Лучшим методом, я думаю, реализации этих принципов было бы посвятить несколько лекций в последнем семестре каждого полного курса изучению некоторых избранных работ недавних писателей, выбранных с санкции Образовательного комитета. Но я должен просить о целых работах. «Отрывки» и «Избранные красоты» примерно так же практичны, как достойный человек из старой истории, который, желая продать свой дом, принес один из кирпичей на рынок в качестве образца. Это одинаково несправедливо по отношению к автору и по отношению к ученику; ибо невозможно показать достоинства или недостатки произведения искусства, даже объяснить истину или ложь любого конкретного отрывка, кроме как рассматривая книгу как органическое целое. А что касается страха вызвать желание читать больше автора, чем может быть уместно — когда на работу уже указали как на действительно вредную, остальное должно быть оставлено на усмотрение лучшего предохранителя, который я пока обнаружил в мужчине или женщине — собственной чести ученика.

Такое знание английской литературы способствовало бы не меньше, я думаю, распространению здоровых исторических взглядов среди нас. Литература каждой нации — это ее автобиография. Даже в своих самых сложных и художественных формах она все еще остается удивительно бесхитростной и бессознательной записью ее сомнений и ее веры, ее печалей и ее триумфов в каждую эпоху ее существования.

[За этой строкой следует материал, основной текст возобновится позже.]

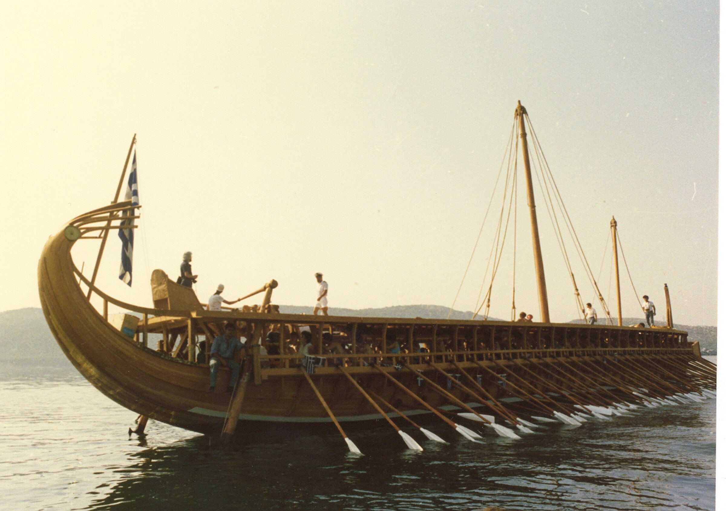 В середине 80-х гг. Греческий ВМФ заказал реконструкцию древнегреческой афинской триремы периода IV в до н.э. у британского корабельного архитектора Джона Коатса. При поддержке специалиста по Древней Греции Джона Моррисона, а также специально организованного треста, корабль был заложен в июле 1987 г. и в августе того же года спущен на воду.
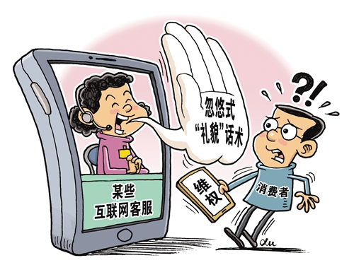 一段时间以来,不少消费者反映,本应是职业规范的“礼貌”客服,在部分企业却成为消费维权路上的一道“关卡”。在某消费投诉平台上,对“客服”的投诉多达8.2万条,消费者纷纷表示,“磨叽半天只会推三阻四”“就会打太极反复说尽快处理”……中消协近日公布的消费者投诉数据显示,2018年售后服务问题位居全国消协组织受理投诉第一位,互联网服务在服务大类投诉中排名第三。客服的忽悠式“礼貌”话术,有的属于企业管理不规范,有的属于商业失信。对此,市场监管部门应提醒规劝相关企业,并依法处理严重侵害消费者权益的案例。企业应认识到,完善的客服管理机制对维系客户、良性发展必不可少。 (时 锋)
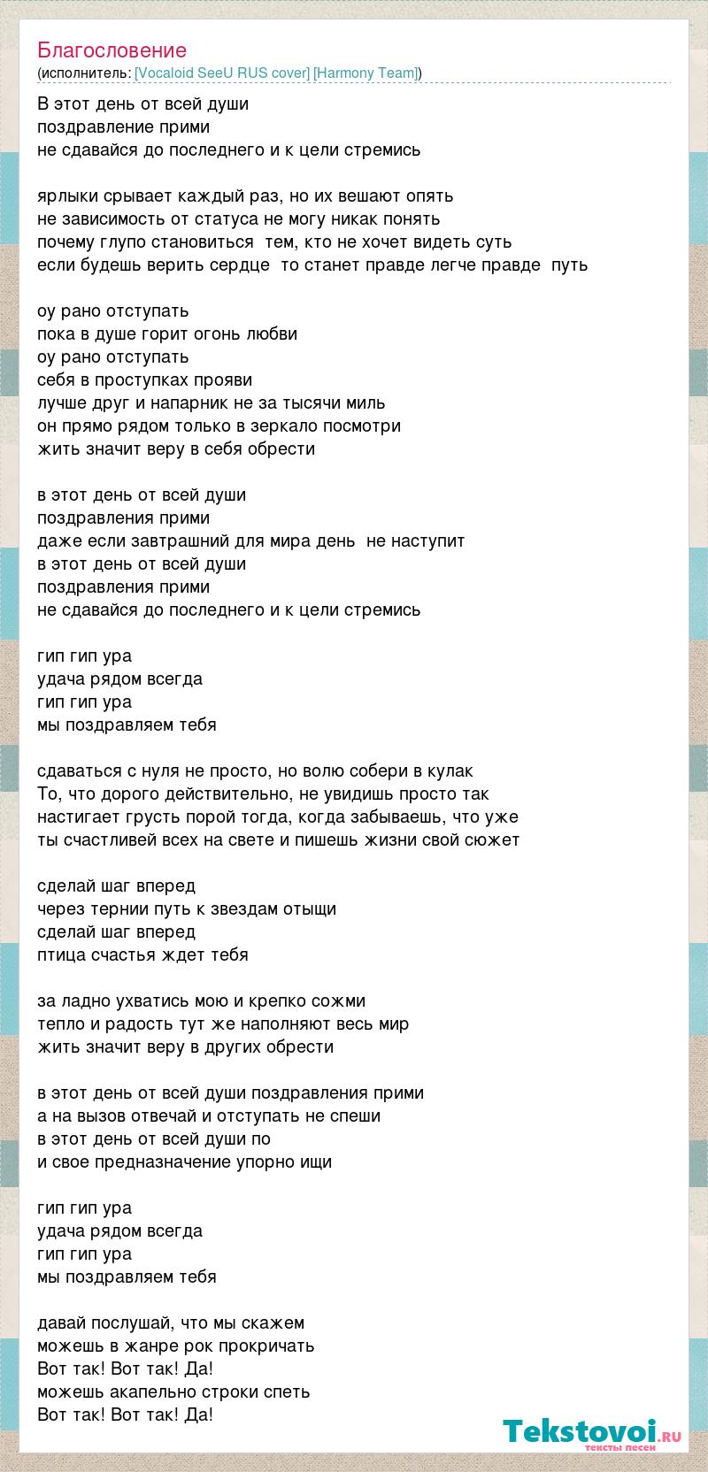 В этот день от всей души поздравление прими не сдавайся до последнего и к цели стремись ярлыки срывает каждый раз, но их вешают опять не зависимость от статуса не могу никак понять почему глупо становиться тем, кто не хочет видеть суть если будешь верить сердце то станет правде легче правде путь оу рано отступать пока в душе горит огонь любви оу рано отступать себя в проступках прояви лучше друг и напарник не за тысячи миль он прямо рядом только в зеркало посмотри жить значит веру в себя обрести в этот день от всей души поздравления прими даже если завтрашний для мира день не наступит в этот день от всей души поздравления прими не сдавайся до последнего и к цели стремись гип гип ура удача рядом всегда гип гип ура мы поздравляем тебя сдаваться с нуля не просто, но волю собери в кулак То, что дорого действительно, не увидишь просто так настигает грусть порой тогда, когда забываешь, что уже ты счастливей всех на свете и пишешь жизни свой сюжет сделай шаг вперед через тернии путь к звездам отыщи сделай шаг вперед птица счастья ждет тебя за ладно ухватись мою и крепко сожми тепло и радость тут же наполняют весь мир жить значит веру в других обрести в этот день от всей души поздравления прими а на вызов отвечай и отступать не спеши в этот день от всей души по и свое предназначение упорно ищи гип гип ура удача рядом всегда гип гип ура мы поздравляем тебя давай послушай, что мы скажем можешь в жанре рок прокричать Вот так! Вот так! Да! можешь акапельно строки спеть Вот так! Вот так! Да!
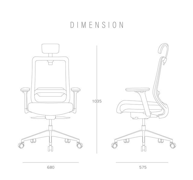 寸法:幅68cm×奥行57.5cm×高さ103.5cm材質:メッシュ(背もたれ)、ファブリック(座面)、ウレタン(肘掛け、キャスター)、ナイロン(ホイール)、プラスチック(可動式ランバーサポート)、スチール(支柱)
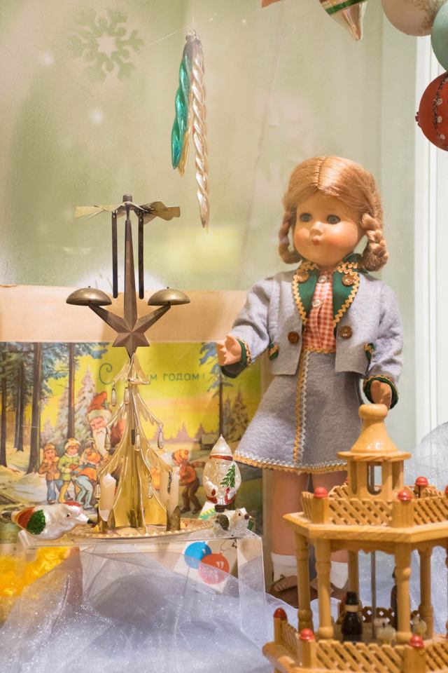 Представлені іграшки різних років: ляльки-міліціонери 30-х років, перші трансформери 30-х років, целулоїдні фігурки 40-х років, ретроведмежата 50-х років, неваляшки 60-х років, заводні тварини 60-х років.
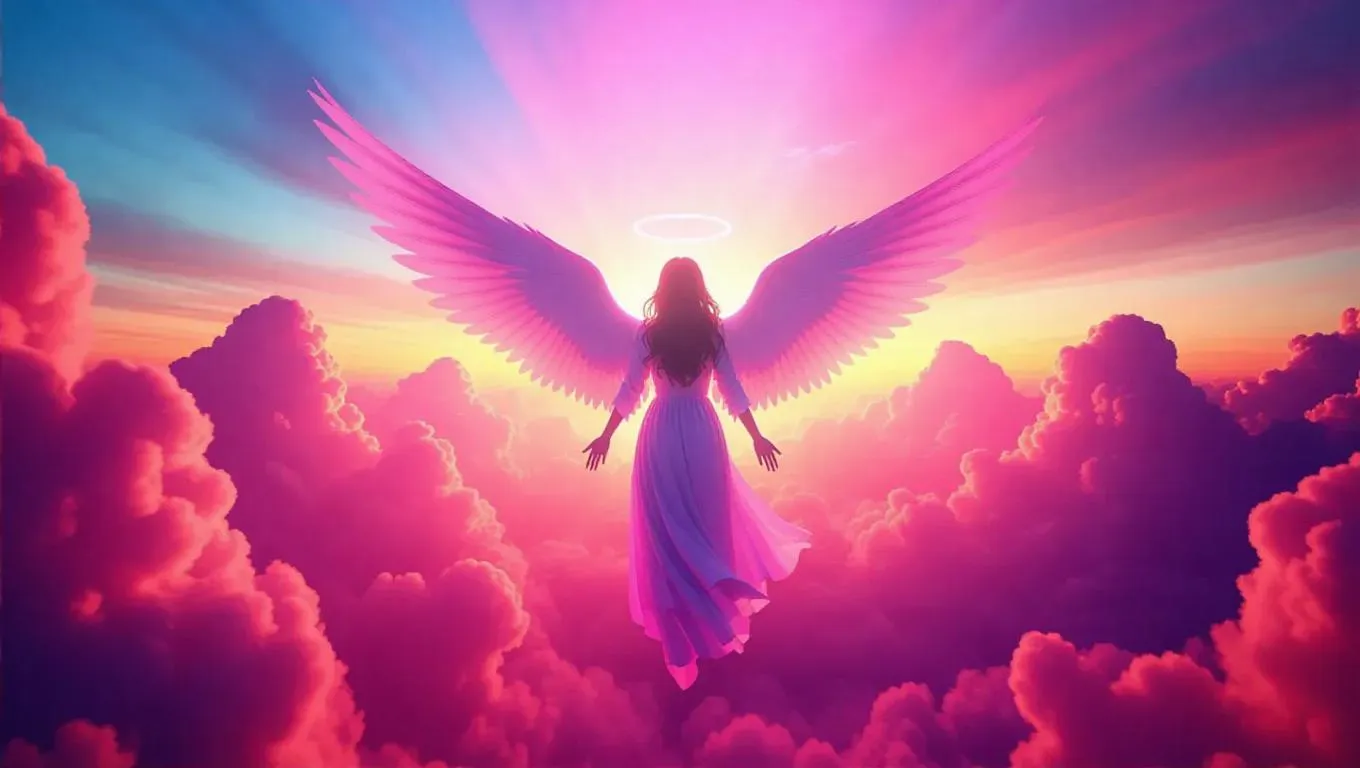 An angelic being soaring above vibrant, colorful clouds, wings spread wide, halo of radiant light surrounding them. The sky is a gorgeous, colorful twilight, evoking a sense of divine wonder and beauty.
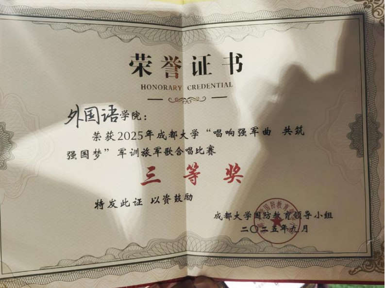最难忘的是军歌比赛,那是一场荣誉的“战歌”。各班的同学聚在一起,怀着共同的梦想,唱响青春,唱出欢乐。尽管排练之时曲调还差强人意,但,在军歌比赛的那个晚上,所有人团结一心,抱着必胜的决心,气势昂扬,一首串烧《我的祖国》+《强军战歌》点燃全场,掌声雷动,并荣获全校三等奖!所有外院学子的脸上无一不挂着笑容,那一刻,我读懂了“信念”的力量!
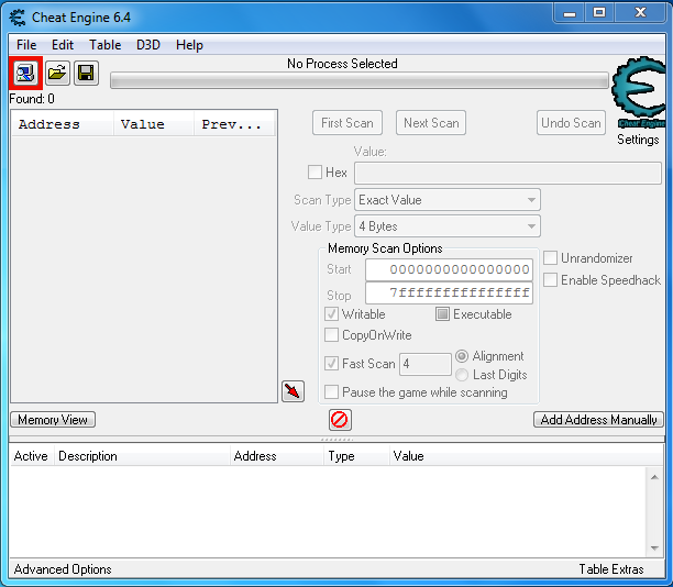1- Kurduğumuz Cheat Engine programımızı açalım ve allta gösterdiğim kırmızı kare kısmı tıklayın.
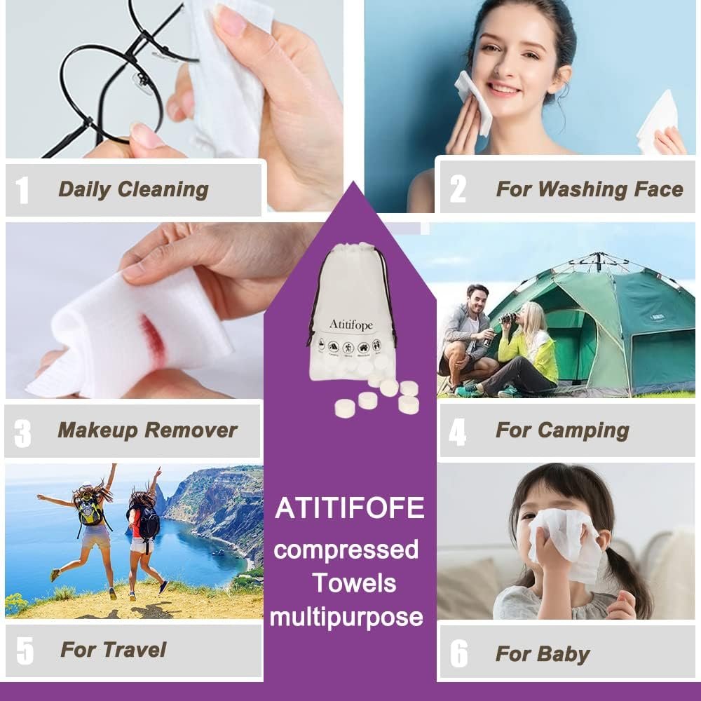 A:Yes, the Atitifope Compressed Facial Towels are excellent for camping! These compressed towels expand to 7.9″ x 7.9″ when water is added and offer several camping-friendly features:
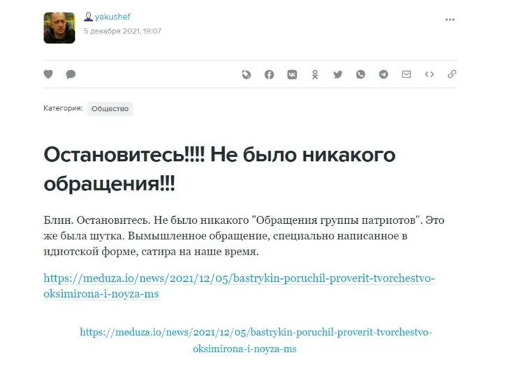 «Блин. Остановитесь. Не было никакого „Обращения группы патриотов“. Это же была шутка. Вымышленное обращение, специально написанное в идиотской форме, сатира на наше время», — написал Дмитрий Якушев на своей странице в «Живом журнале».
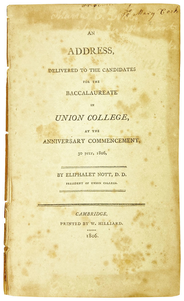 An Address, delivered to the candidates for the baccalaureate in Union College, at the anniversary commencement, 30 July, 1806
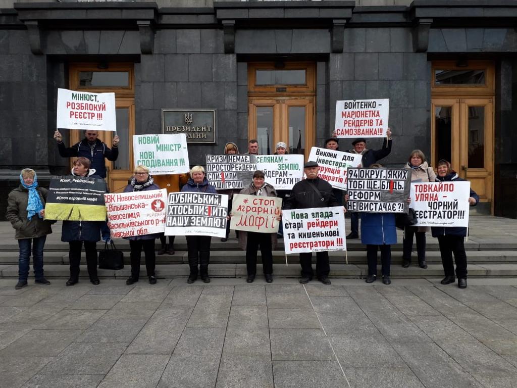 Незаконне захоплення СВК “Новоселицький”, що на Київщині методом підробки реєстраційних документів та зміни керівника, позбавило її членів усіх наявних активів кооперативу та 1000 га. землі. Половину коштів, а це близько 5 млн гривень було перераховано в касу партії Зеленського.
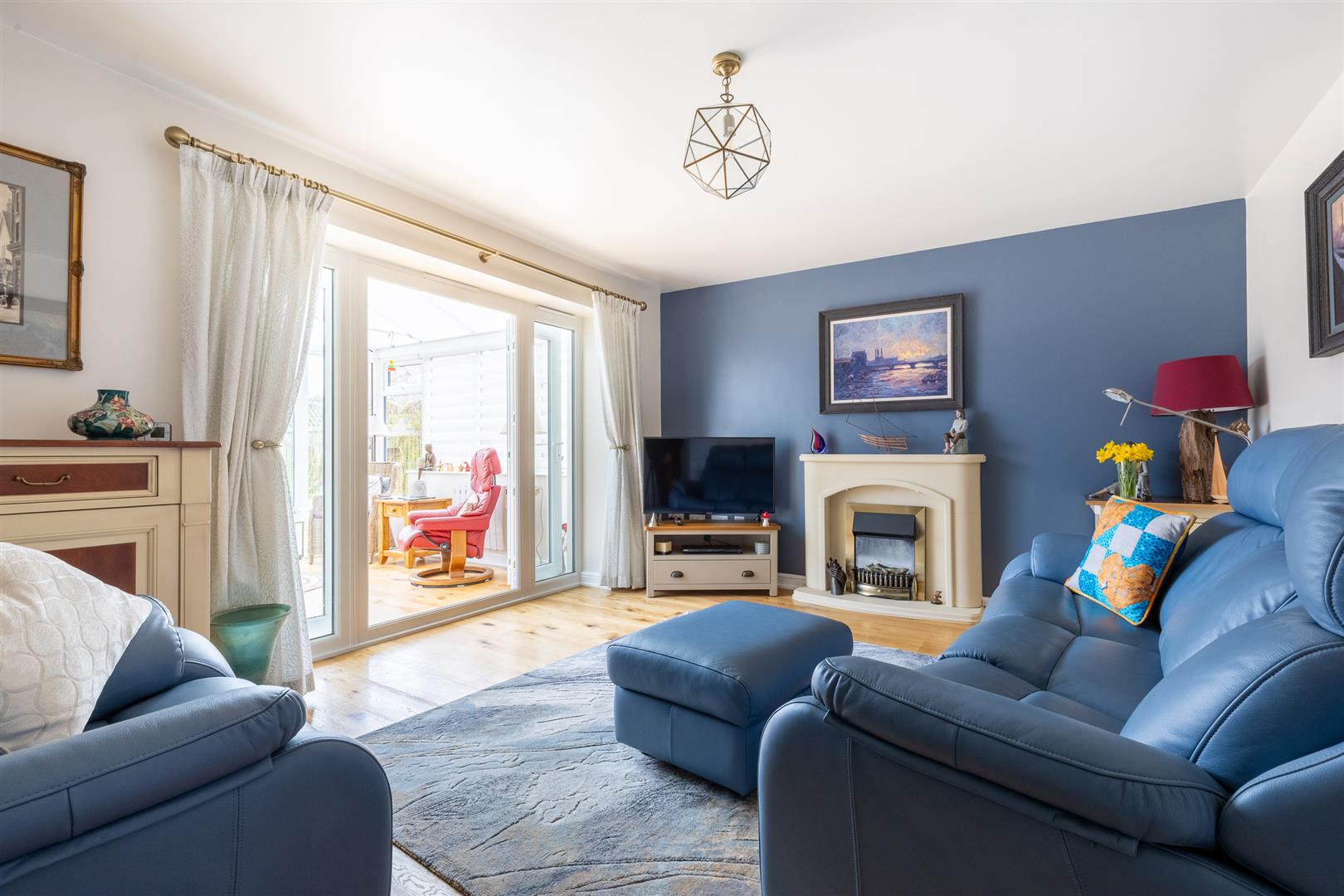 Dimensions: 4.80m x 3.71m (15'9" x 12'2"). A fine room with doors opening to the Garden Room. beautiful oak floor, radiator, TV point, Modern fire surround with inset electric fire. UPVC double glazed doors opening to the Garden Room.

Удивительно бесхитростная и правильная — потому что все высказывания, которые не были верны своему времени, которые не затрагивали какую-то сочувствующую струну в душах их сердец, почти наверняка были выметены в здоровое забвение, и только самые подлинные и искренние остались для потомства. История Англии, действительно, есть литература Англии — но очень отличная от любой школьной истории или другой, ныне популярной. Вы найдете ее ни простым списком актов парламента и записей, как некоторые; ни антикварной галереей костюмов и доспехов, как другие; ни простой военной газетой и отчетом об убитых и раненых время от времени; меньше всего «Пэром Дебретта» и каталогом королей и королев (чьи имена даны, в то время как их души игнорируются), но истинной духовной историей Англии — картиной душ наших старых предков, которые работали, и сражались, и скорбели, и умирали за нас; на чьих накопленных трудах мы теперь здесь стоим. Это я называю историей — не одного класса должностей или событий, но живых человеческих душ английских мужчин и английских женщин. И поэтому наиболее приспособленной к уму женщины; той, которая вызовет в полное упражнение ее благословенную способность сочувствия, то чистое и нежное сердце из плоти, которое учит ее всегда находить свой высший интерес в человечестве, просто как в человечестве; видеть Божественное наиболее полно в человеческом; предпочитать воплощенное бесплотному, личное абстрактному, патетическое интеллектуальному; видеть, и истинно, в самой обычной сказке о деревенской любви или печали, тайну более глубокую и более божественную, чем лежит во всех теориях политиков или фиксированных идеях мудреца.

Такой курс истории оживил бы врожденный личный интерес женщин к актерам этой жизненной драмы и был бы оживлен им в ответ, как, действительно, и должно быть: ибо именно так Бог намеревался женщине инстинктивно смотреть на мир. Дай Бог, чтобы она научила нас, мужчин, смотреть на него так же! Дай Бог, чтобы она в эти дни заявила и исполнила до конца свое призвание как жрица милосердия! — чтобы женское сердце помогло избавить человека от рабства его собственному тираническому и слишком исключительному мозгу — от нашего идолопоклонства перед простыми мертвыми законами и печатными книгами — от нашего ежедневного греха смотреть на людей не как на наших борющихся и страдающих братьев, а как на простые символы определенных формул, воплощения наборов мнений, колес в какой-то железной машине, перемалывающей свободу или прядущей христианство, которую мы ошибочно называем обществом, или цивилизацией, или, что хуже всего, Церковью!

Это я считаю одной из высших целей женщины — проповедовать милосердие, любовь и братство: но в этом девятнадцатом веке, охотящемся повсюду за законом и организацией, отказывающем в лояльности всему, что не может выстроиться в ряд под ее теории, она никогда не получит слушания, пока ее знание прошлого не станет более организованным и методичным. Как сейчас, из-за отсутствия широких многосторонних взглядов на прошлое, ее восхищение слишком склонно привязываться только к двум или трем персонажам в списке героев всех веков. Затем приходит искушение оттолкнуть все, что мешает ее любимым идолам, и поэтому само сердце, данное ей для всеобщего сочувствия, становится органом исключительной нетерпимости, и та, кто должна была научить человека любить, слишком часто только ожесточает его ненависть. Я утверждаю, поэтому, как необходимое для образования будущего, что женщина должна быть посвящена в мысли и чувства своих соотечественников в каждую эпоху, от самых диких легенд прошлого до самого осязаемого натурализма настоящего; и это не просто в хронологическом порядке, иногда вовсе не в хронологическом порядке; но в истинной духовной последовательности; что, зная сердца многих, она может в дальнейшей жизни быть способна утешить сердца всех.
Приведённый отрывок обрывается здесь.